### GIVEN MATERIAL
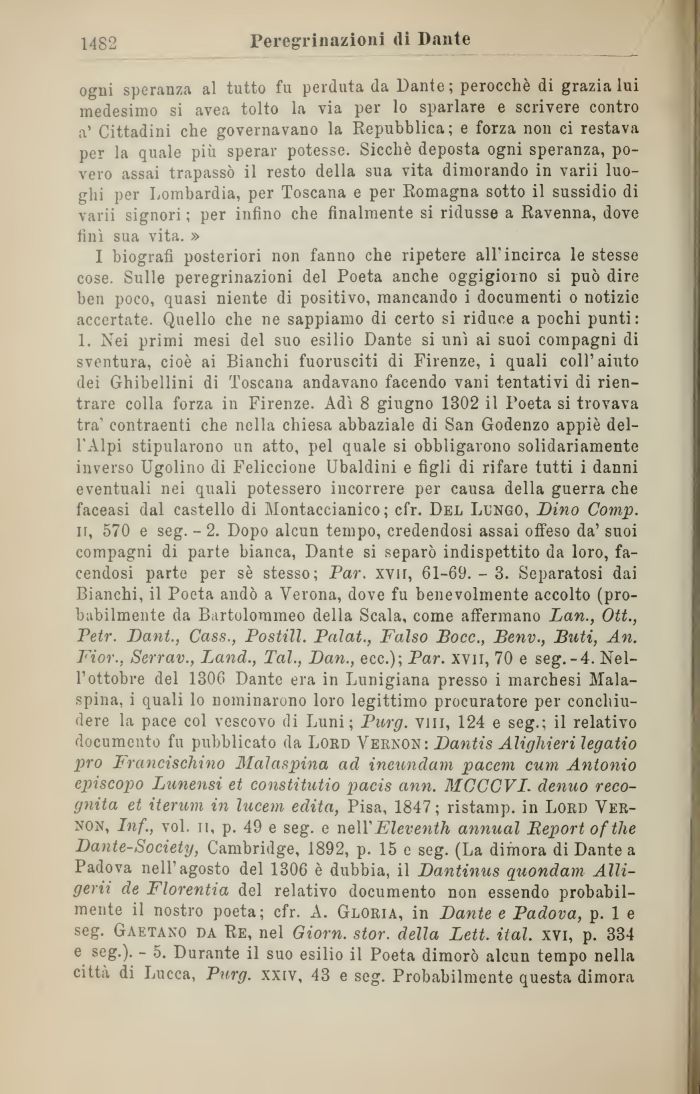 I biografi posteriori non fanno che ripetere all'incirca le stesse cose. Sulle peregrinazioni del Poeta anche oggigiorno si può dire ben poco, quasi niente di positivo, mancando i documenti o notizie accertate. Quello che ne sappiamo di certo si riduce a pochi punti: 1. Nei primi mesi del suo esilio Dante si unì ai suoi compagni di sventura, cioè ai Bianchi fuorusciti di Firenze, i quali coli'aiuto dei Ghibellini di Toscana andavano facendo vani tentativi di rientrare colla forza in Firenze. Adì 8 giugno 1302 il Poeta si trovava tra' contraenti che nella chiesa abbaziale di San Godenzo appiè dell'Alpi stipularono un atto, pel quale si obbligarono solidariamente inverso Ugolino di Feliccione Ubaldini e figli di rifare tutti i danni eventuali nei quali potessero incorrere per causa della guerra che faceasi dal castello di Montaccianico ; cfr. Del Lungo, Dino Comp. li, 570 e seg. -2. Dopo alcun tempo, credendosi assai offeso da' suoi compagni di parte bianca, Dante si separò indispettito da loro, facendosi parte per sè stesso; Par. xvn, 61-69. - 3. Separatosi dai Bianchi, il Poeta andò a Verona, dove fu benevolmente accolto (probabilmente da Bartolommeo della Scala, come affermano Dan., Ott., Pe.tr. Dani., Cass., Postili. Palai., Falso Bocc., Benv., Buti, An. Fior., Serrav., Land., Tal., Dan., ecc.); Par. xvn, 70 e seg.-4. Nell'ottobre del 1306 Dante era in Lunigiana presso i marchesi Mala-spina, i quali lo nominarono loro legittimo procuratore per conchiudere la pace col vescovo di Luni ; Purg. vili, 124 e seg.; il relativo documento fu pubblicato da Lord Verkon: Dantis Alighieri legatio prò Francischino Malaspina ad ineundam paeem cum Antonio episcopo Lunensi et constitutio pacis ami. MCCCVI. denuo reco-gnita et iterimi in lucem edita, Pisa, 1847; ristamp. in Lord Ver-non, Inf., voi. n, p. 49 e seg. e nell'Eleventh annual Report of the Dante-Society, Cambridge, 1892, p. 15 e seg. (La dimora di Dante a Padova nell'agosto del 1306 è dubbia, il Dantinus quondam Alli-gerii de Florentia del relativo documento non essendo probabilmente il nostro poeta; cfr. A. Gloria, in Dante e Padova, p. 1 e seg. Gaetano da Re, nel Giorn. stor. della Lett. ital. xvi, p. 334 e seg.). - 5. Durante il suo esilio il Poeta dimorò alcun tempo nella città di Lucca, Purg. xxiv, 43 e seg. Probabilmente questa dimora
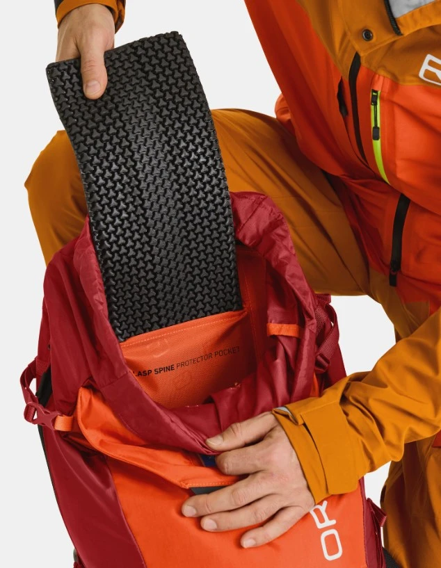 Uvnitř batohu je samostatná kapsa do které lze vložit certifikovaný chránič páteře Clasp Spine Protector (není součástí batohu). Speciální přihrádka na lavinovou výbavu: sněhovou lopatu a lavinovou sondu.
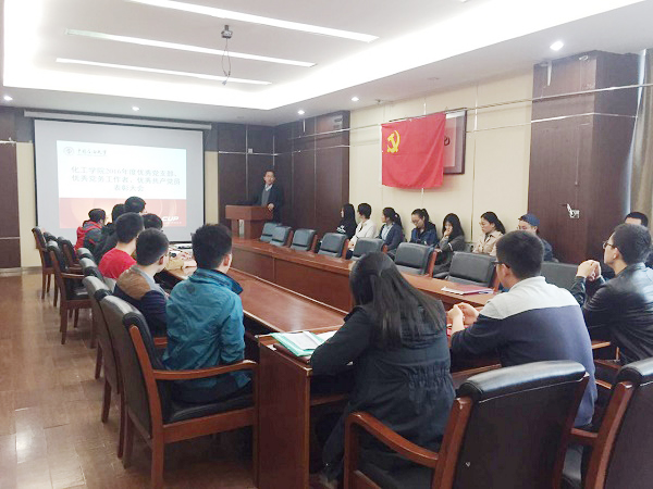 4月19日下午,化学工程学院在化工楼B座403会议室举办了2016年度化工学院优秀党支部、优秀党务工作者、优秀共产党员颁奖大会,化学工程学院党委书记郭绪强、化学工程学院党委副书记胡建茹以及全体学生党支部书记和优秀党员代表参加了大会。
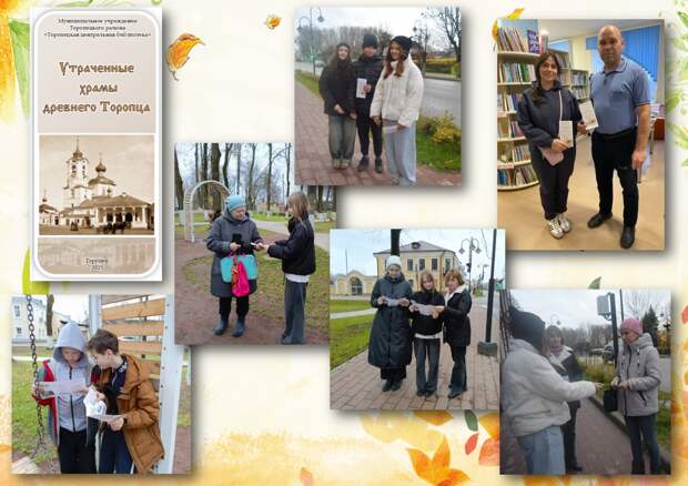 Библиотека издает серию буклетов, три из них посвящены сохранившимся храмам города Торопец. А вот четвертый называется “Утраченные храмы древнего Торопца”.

### REQUIRED WORK
Reproduce the lines above letter for letter. The pictures stay behind.

### WRITTEN SOLUTION
 I biografi posteriori non fanno che ripetere all'incirca le stesse cose. Sulle peregrinazioni del Poeta anche oggigiorno si può dire ben poco, quasi niente di positivo, mancando i documenti o notizie accertate. Quello che ne sappiamo di certo si riduce a pochi punti: 1. Nei primi mesi del suo esilio Dante si unì ai suoi compagni di sventura, cioè ai Bianchi fuorusciti di Firenze, i quali coli'aiuto dei Ghibellini di Toscana andavano facendo vani tentativi di rientrare colla forza in Firenze. Adì 8 giugno 1302 il Poeta si trovava tra' contraenti che nella chiesa abbaziale di San Godenzo appiè dell'Alpi stipularono un atto, pel quale si obbligarono solidariamente inverso Ugolino di Feliccione Ubaldini e figli di rifare tutti i danni eventuali nei quali potessero incorrere per causa della guerra che faceasi dal castello di Montaccianico ; cfr. Del Lungo, Dino Comp. li, 570 e seg. -2. Dopo alcun tempo, credendosi assai offeso da' suoi compagni di parte bianca, Dante si separò indispettito da loro, facendosi parte per sè stesso; Par. xvn, 61-69. - 3. Separatosi dai Bianchi, il Poeta andò a Verona, dove fu benevolmente accolto (probabilmente da Bartolommeo della Scala, come affermano Dan., Ott., Pe.tr. Dani., Cass., Postili. Palai., Falso Bocc., Benv., Buti, An. Fior., Serrav., Land., Tal., Dan., ecc.); Par. xvn, 70 e seg.-4. Nell'ottobre del 1306 Dante era in Lunigiana presso i marchesi Mala-spina, i quali lo nominarono loro legittimo procuratore per conchiudere la pace col vescovo di Luni ; Purg. vili, 124 e seg.; il relativo documento fu pubblicato da Lord Verkon: Dantis Alighieri legatio prò Francischino Malaspina ad ineundam paeem cum Antonio episcopo Lunensi et constitutio pacis ami. MCCCVI. denuo reco-gnita et iterimi in lucem edita, Pisa, 1847; ristamp. in Lord Ver-non, Inf., voi. n, p. 49 e seg. e nell'Eleventh annual Report of the Dante-Society, Cambridge, 1892, p. 15 e seg. (La dimora di Dante a Padova nell'agosto del 1306 è dubbia, il Dantinus quondam Alli-gerii de Florentia del relativo documento non essendo probabilmente il nostro poeta; cfr. A. Gloria, in Dante e Padova, p. 1 e seg. Gaetano da Re, nel Giorn. stor. della Lett. ital. xvi, p. 334 e seg.). - 5. Durante il suo esilio il Poeta dimorò alcun tempo nella città di Lucca, Purg. xxiv, 43 e seg. Probabilmente questa dimora
 Uvnitř batohu je samostatná kapsa do které lze vložit certifikovaný chránič páteře Clasp Spine Protector (není součástí batohu). Speciální přihrádka na lavinovou výbavu: sněhovou lopatu a lavinovou sondu.
 4月19日下午,化学工程学院在化工楼B座403会议室举办了2016年度化工学院优秀党支部、优秀党务工作者、优秀共产党员颁奖大会,化学工程学院党委书记郭绪强、化学工程学院党委副书记胡建茹以及全体学生党支部书记和优秀党员代表参加了大会。
 Библиотека издает серию буклетов, три из них посвящены сохранившимся храмам города Торопец. А вот четвертый называется “Утраченные храмы древнего Торопца”.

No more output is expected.